AI-powered system that analyzes UI screenshots and identifies UI components with precise bounding boxes using Microsoft OmniParser + GPT-4o.
┌─────────────────────────────────────────────────────────────────┐
│ Frontend (React + Vite + Tailwind) │
│ - Chat interface with drag & drop image upload │
│ - Annotated image display with bounding boxes │
│ - Results: Table ↔ JSON toggle │
│ - Copy JSON to clipboard │
└─────────────────────────────────────────────────────────────────┘
│
▼
┌─────────────────────────────────────────────────────────────────┐
│ Backend (FastAPI + Python) │
│ POST /detect - Analyze screenshot │
│ GET /health - Health check │
│ POST /preload - Preload models │
└─────────────────────────────────────────────────────────────────┘
│
┌───────────────┴───────────────┐
▼ ▼
┌──────────────────────────┐ ┌──────────────────────────┐
│ OmniParser v2.0 │ │ GPT-4o │
│ (microsoft/OmniParser) │ │ (Semantic Enrichment) │
│ │ │ │
│ • YOLO: Icon detection │ │ • UI type classification│
│ • EasyOCR: Text regions │ │ • Element descriptions │
│ • Precise bounding boxes│ │ • Confidence scores │
└──────────────────────────┘ └──────────────────────────┘
- Image Upload - User uploads a UI screenshot via drag & drop or file picker
- OmniParser Detection - YOLO model detects icons/buttons, EasyOCR finds text regions
- GPT-4o Enrichment - Classifies detected elements with semantic UI types and descriptions
- Visual Output - Returns annotated image with colored bounding boxes + structured JSON
# Clone OmniParser (already included in this repo)
cd OmniParser
# Create virtual environment
python3 -m venv omni_venv
source omni_venv/bin/activate
# Install dependencies
pip install torch torchvision easyocr ultralytics==8.3.70 transformers supervision==0.18.0 opencv-python-headless accelerate timm einops==0.8.0 fastapi uvicorn[standard] openai python-dotenv
# Download OmniParser v2.0 model weights from Hugging Face
mkdir -p weights/icon_detect weights/icon_caption
huggingface-cli download microsoft/OmniParser-v2.0 icon_detect/model.pt --local-dir weights
huggingface-cli download microsoft/OmniParser-v2.0 icon_detect/model.yaml --local-dir weights
huggingface-cli download microsoft/OmniParser-v2.0 icon_detect/train_args.yaml --local-dir weights
huggingface-cli download microsoft/OmniParser-v2.0 icon_caption/config.json --local-dir weights
huggingface-cli download microsoft/OmniParser-v2.0 icon_caption/generation_config.json --local-dir weights
huggingface-cli download microsoft/OmniParser-v2.0 icon_caption/model.safetensors --local-dir weights
# Rename icon_caption to icon_caption_florence (required by OmniParser)

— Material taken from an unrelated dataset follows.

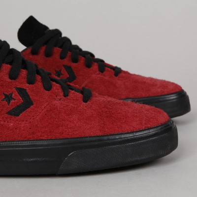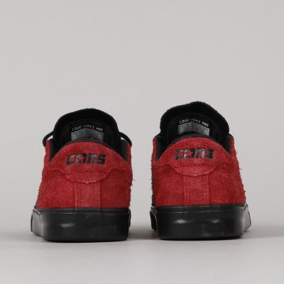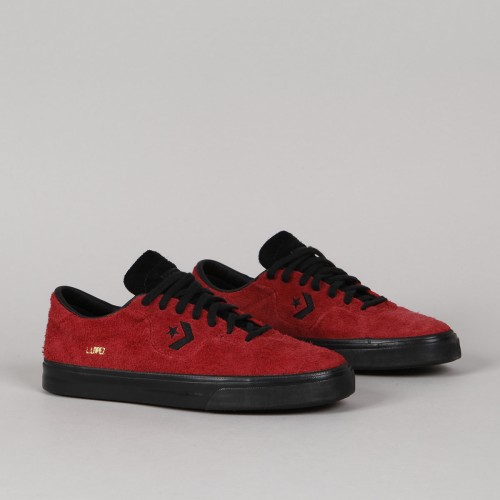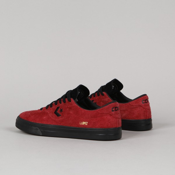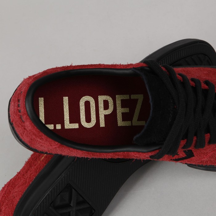 Converse CONS shoes . Pro-model Louie Lopez Pro in brick suede (shaggy suede) and black volcanic sole. Clean, long toe with subtle stitching and leather inner heel, which will also extend its life. On the side of the shoe is embroidered black contrasting Star Chevron logo. Padded hem around the ankle, durable toe and inner sole with Nike Zoom Air technology for softer impacts and greater comfort. Gold L. Lopez inscription on the outside of the shoes. The Converse CONS logo is embossed on the perforated tongue. One insole with LOPEZ signature and the other with the CONS logo.
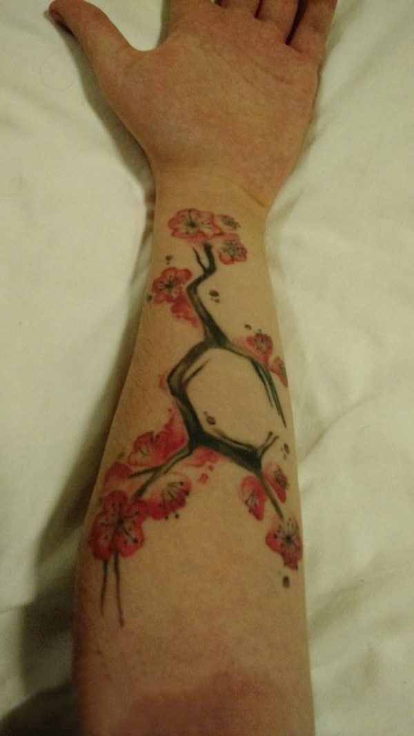 手臂纹身素材 女生手臂上化学元素和樱花纹身图片

mv weights/icon_caption weights/icon_caption_florencecd .. # Back to project root
# Set OpenAI API key
export OPENAI_API_KEY=your-openai-api-key
# Or create .env file in backend/
echo "OPENAI_API_KEY=your-openai-api-key" > backend/.env
# Activate OmniParser venv and run backend
source OmniParser/omni_venv/bin/activate
cd backend
uvicorn main:app --reload --port 8000cd frontend
# Install dependencies
npm install
# Run dev server
npm run devVisit http://localhost:5173
Note: First detection request will take 30-60 seconds to load models. Subsequent requests are faster (~5-15s).
Analyze a UI screenshot and detect all UI elements.
Request:
{
"image": "data:image/png;base64,..."
}Response:
{
"elements": [
{
"type": "button",
"description": "Primary blue CTA button labeled 'Submit'",
"confidence": 0.95,
"region": "bottom-center",
"bounds": {
"x": 0.35,
"y": 0.85,
"width": 0.3,
"height": 0.08
}
},
{
"type": "text",
"description": "Email input label",
"confidence": 0.9,
"region": "top-left",
"bounds": {
"x": 0.1,
"y": 0.2,
"width": 0.15,
"height": 0.03
}
}
],
"summary": "A login form with email/password inputs and submit button",
"annotated_image": "data:image/png;base64,..."
}Check server status and model loading state.
Preload models to speed up first detection.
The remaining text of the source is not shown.